BEGIN RECORDS TO PROCESS

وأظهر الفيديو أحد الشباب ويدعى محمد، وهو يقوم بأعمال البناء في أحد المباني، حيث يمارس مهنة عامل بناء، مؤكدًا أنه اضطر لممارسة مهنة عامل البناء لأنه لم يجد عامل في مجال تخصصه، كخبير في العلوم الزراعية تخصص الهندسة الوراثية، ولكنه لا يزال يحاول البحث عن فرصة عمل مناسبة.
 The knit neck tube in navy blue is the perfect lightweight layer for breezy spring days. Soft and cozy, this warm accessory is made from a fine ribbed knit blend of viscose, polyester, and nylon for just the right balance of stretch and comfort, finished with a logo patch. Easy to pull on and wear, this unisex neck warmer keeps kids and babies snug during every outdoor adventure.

END RECORDS TO PROCESS
BEGIN RECORDS TO PROCESS

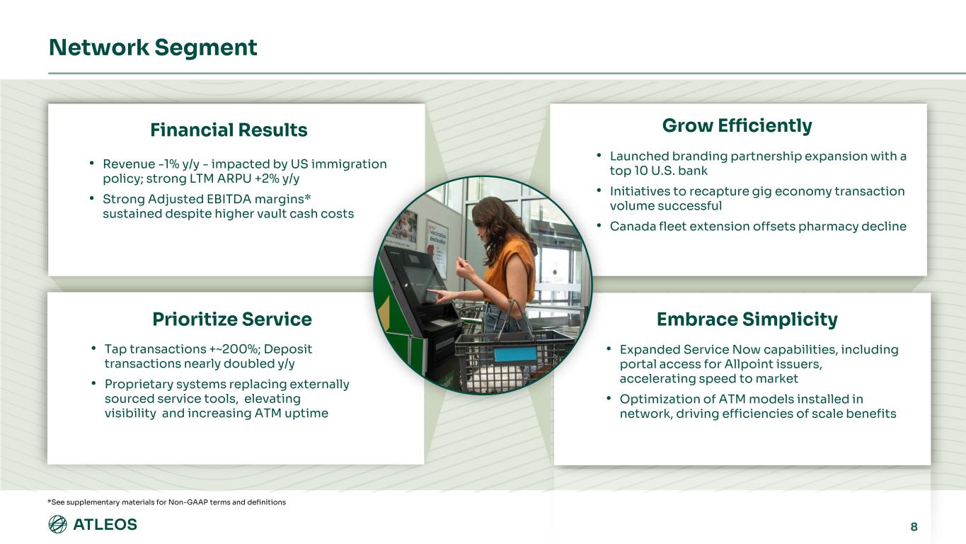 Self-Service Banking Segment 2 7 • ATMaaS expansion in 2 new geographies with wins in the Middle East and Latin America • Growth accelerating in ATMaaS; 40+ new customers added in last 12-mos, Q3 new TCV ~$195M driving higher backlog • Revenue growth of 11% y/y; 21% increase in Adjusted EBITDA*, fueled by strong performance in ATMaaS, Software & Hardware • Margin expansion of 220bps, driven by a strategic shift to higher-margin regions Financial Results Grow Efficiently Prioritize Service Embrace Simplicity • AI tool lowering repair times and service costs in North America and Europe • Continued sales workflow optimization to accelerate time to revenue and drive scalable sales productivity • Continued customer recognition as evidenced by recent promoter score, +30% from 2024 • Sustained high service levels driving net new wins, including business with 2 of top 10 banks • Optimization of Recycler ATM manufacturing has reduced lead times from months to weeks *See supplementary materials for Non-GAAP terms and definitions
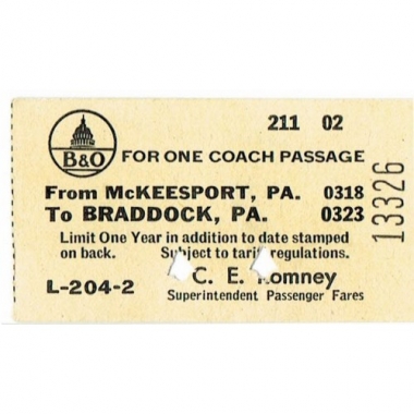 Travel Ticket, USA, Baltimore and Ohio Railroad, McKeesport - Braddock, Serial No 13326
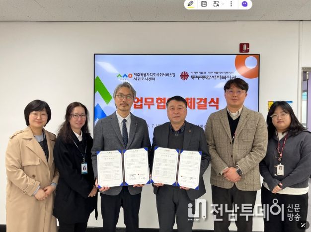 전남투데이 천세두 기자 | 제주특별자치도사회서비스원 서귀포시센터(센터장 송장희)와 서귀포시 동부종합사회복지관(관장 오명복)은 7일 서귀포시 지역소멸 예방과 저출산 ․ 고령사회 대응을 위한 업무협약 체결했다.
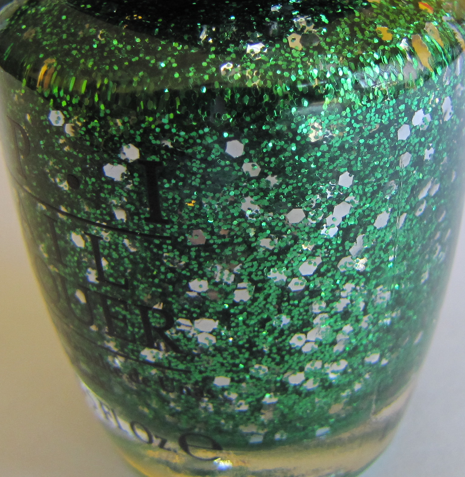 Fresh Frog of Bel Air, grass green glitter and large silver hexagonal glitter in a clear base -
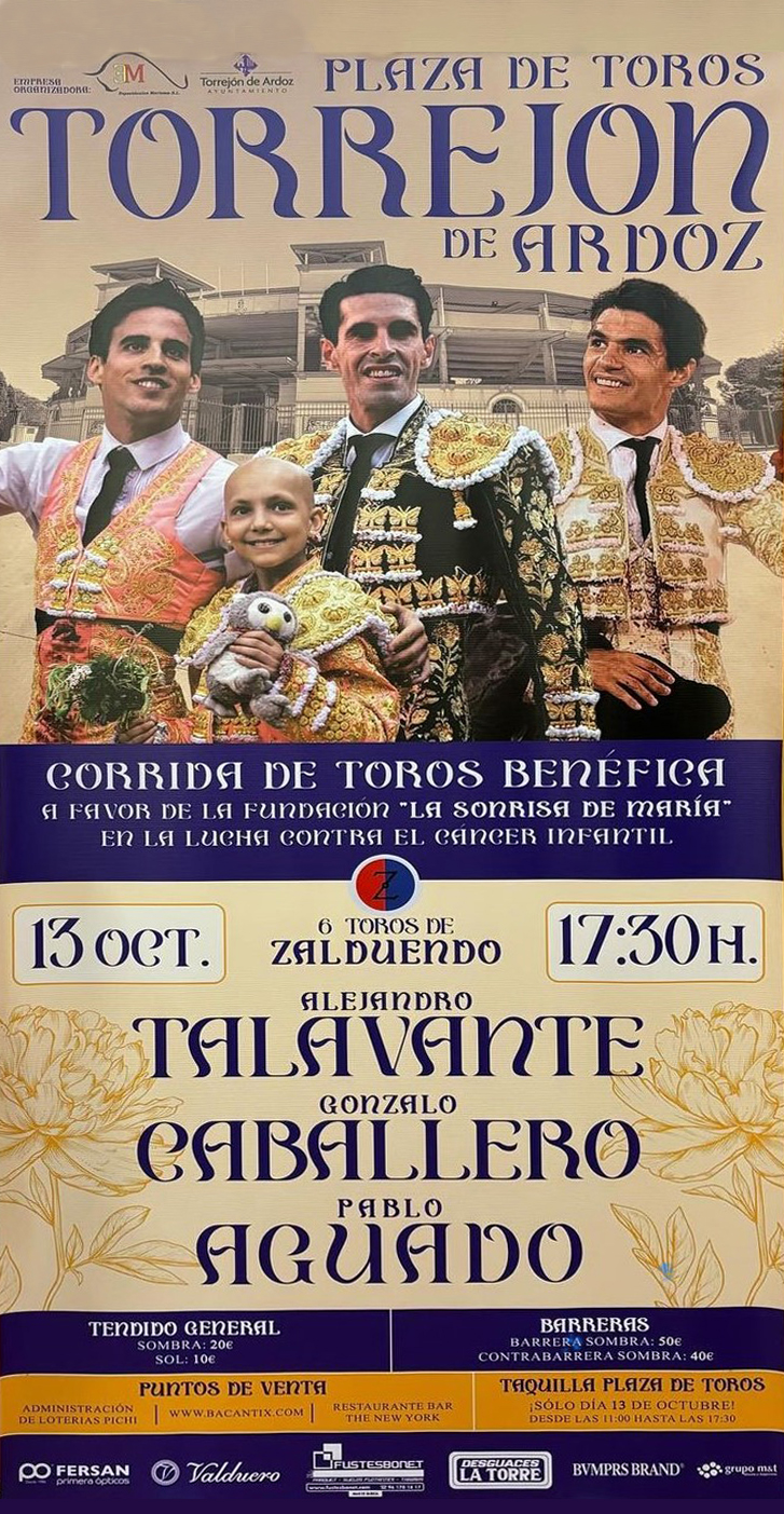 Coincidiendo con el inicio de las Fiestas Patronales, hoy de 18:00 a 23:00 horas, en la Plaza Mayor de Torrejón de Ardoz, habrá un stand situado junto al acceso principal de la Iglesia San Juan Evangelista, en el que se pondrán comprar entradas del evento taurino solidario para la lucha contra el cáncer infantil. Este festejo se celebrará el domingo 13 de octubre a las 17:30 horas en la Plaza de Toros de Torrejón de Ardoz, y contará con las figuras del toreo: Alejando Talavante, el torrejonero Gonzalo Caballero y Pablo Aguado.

END RECORDS TO PROCESS
BEGIN RECORDS TO PROCESS

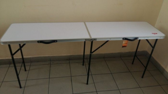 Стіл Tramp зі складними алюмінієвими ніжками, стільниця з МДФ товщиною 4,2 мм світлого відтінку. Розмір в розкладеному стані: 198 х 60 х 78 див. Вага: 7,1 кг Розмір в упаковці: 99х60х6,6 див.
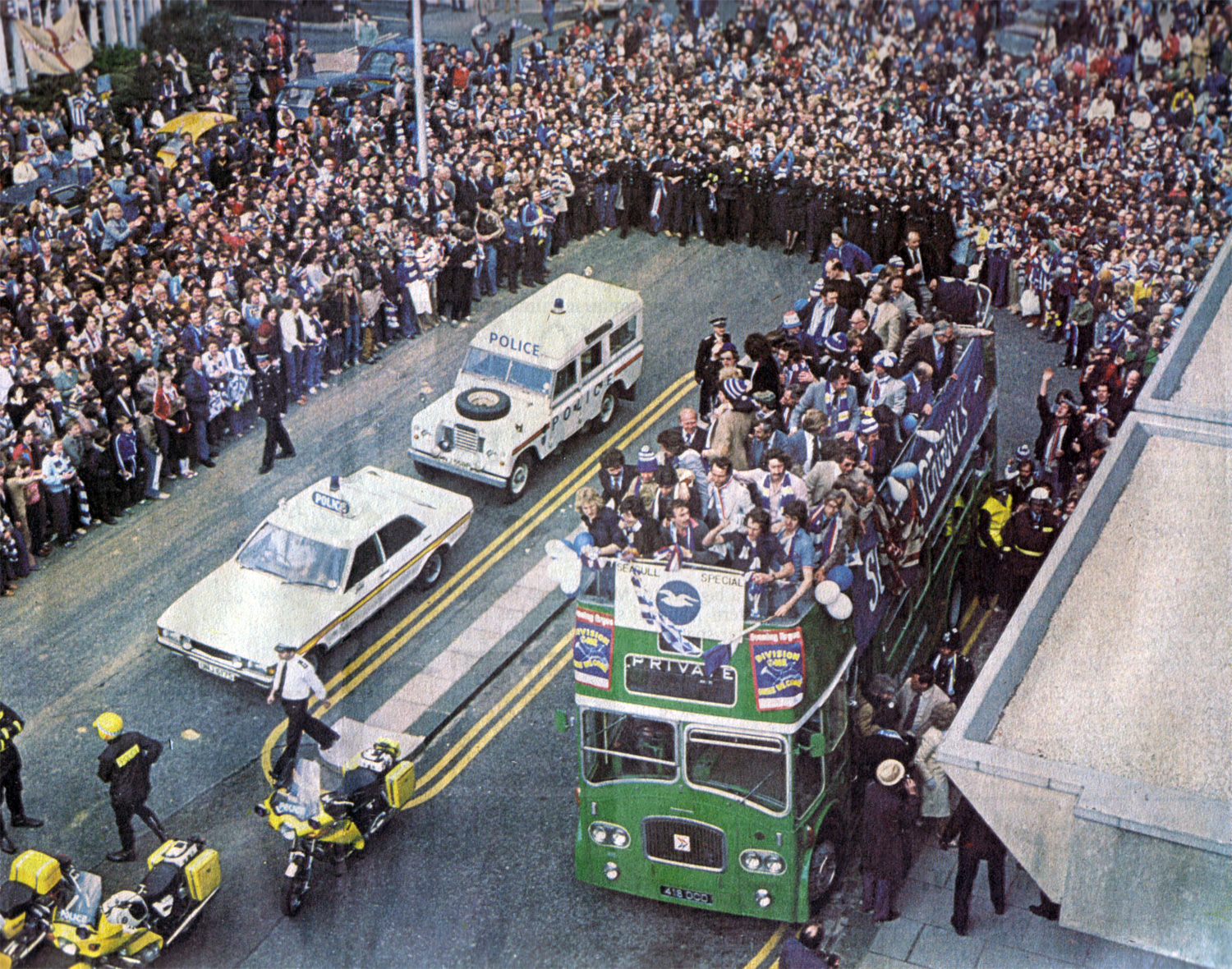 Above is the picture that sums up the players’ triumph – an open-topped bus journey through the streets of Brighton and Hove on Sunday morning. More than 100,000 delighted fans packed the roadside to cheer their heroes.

END RECORDS TO PROCESS

A verbatim transcription is needed of the lines above, starting at the line with "وأظهر الفيديو أحد" and ending at the line with "The knit neck", both included, and of nothing else.

■ SOLUTION FOR THIS EXERCISE:
وأظهر الفيديو أحد الشباب ويدعى محمد، وهو يقوم بأعمال البناء في أحد المباني، حيث يمارس مهنة عامل بناء، مؤكدًا أنه اضطر لممارسة مهنة عامل البناء لأنه لم يجد عامل في مجال تخصصه، كخبير في العلوم الزراعية تخصص الهندسة الوراثية، ولكنه لا يزال يحاول البحث عن فرصة عمل مناسبة.
 The knit neck tube in navy blue is the perfect lightweight layer for breezy spring days. Soft and cozy, this warm accessory is made from a fine ribbed knit blend of viscose, polyester, and nylon for just the right balance of stretch and comfort, finished with a logo patch. Easy to pull on and wear, this unisex neck warmer keeps kids and babies snug during every outdoor adventure.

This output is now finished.